In his remarks, Dr. Fikru Regassa, OIE Delegate in Ethiopia declared that “The workshop to assess the implementation of roadmap of the National Bridging Workshop was timely, as Ethiopia is deliberating its One Health Action Plan for 2021-2022, and findings will be incorporated in the plan. Already 57 percent of the activities outlined in the One Health Action Plan are in the NBW roadmap, so we can build on this strong foundation”. He further added that “we renew the strong willingness and preparedness of the Ministry of Agriculture to work in close collaboration with whole stakeholders to achieve this”.
In recent years, the world has seen increasing emergence of infectious zoonotic diseases, including novel strains of highly pathogenic avian influenza (HPAI) in 2020, ebola virus in West, Central and Eastern Africa in 2014, 2018, 2019, 2020 and, most recently, the emergence of severe acute respiratory syndrome Coronavirus 2 (SARS-CoV-2), known as COVID-19.
In this context, the One Health concept has gained great momentum as it becomes clear that collaboration between the different sectors can help countries to better tackle current and emerging health threats. It is also a much needed approach for other major global health challenges such as antimicrobial resistance, food safety, and climate change among others. However, implementing this approach faces many obstacles such as inadequate human and financial resources as well as limited diagnostic and laboratory capacity at national and sub-national levels.
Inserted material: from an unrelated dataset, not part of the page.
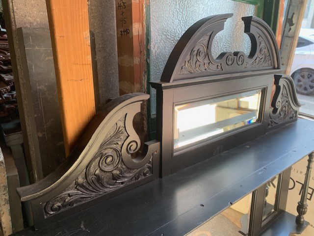 SOLD Detail of original Victorian overmantel mirror, bevelled edge mirrors, detailed turnings and carving, painted black, 1370mm wide x 1300mm high x 225mm deep (M48) $300

To overcome these challenges, in 2013, the OIE and WHO conducted for the first time an analysis of the differences and synergies between the two main legal frameworks and their associated tools that guide their support to countries mainly, the International Health Regulation 2005 (IHR 2005) and the Performance of Veterinary Services (PVS) Pathway. Building on the strength of these existing institutional frameworks, the two organisations, together with FAO, jointly developed methods to facilitate communication between the animal and human health sectors. In-country workshops were held, enabling national counterparts to better understand the IHR 2005 and PVS and allowing them to agree on priority needs and jointly develop their bridging efforts to work together. This led to the establishment of National IHR-PVS Bridging Workshops (NBWs).
Participants updated the NBW roadmap based on the discussions during the workshop. Before the workshop, an anonymous qualitative online survey was conducted among stakeholders from the human and animal health and environment sectors to have a reliable assessment of the level of implementation of activities in the roadmap.
The results of this survey were also used to update the roadmap during the workshop and further strengthen the collaboration between the animal and human health and environment sectors in the country. Key findings of the survey were that 7 percent of the NBW activities were conducted fully and slightly more than half of the activities were conducted partially, the main bottleneck of incompletion of activities being limited financial and technical support. However, almost all stakeholders showed their interest in conducting NBW at a sub-national level as well as in conducting another NBW at national level in the coming years.
This workshop gave national stakeholders a unique opportunity to “diagnose” their existing collaboration challenges and gaps, and then jointly developed actionable steps to strengthen collaboration that supports both PVS and IHR. Unlike other collaborative evaluation tools, NBWs link One Health actions directly to international policies and frameworks, providing a global approach that leverages shared actions across many countries.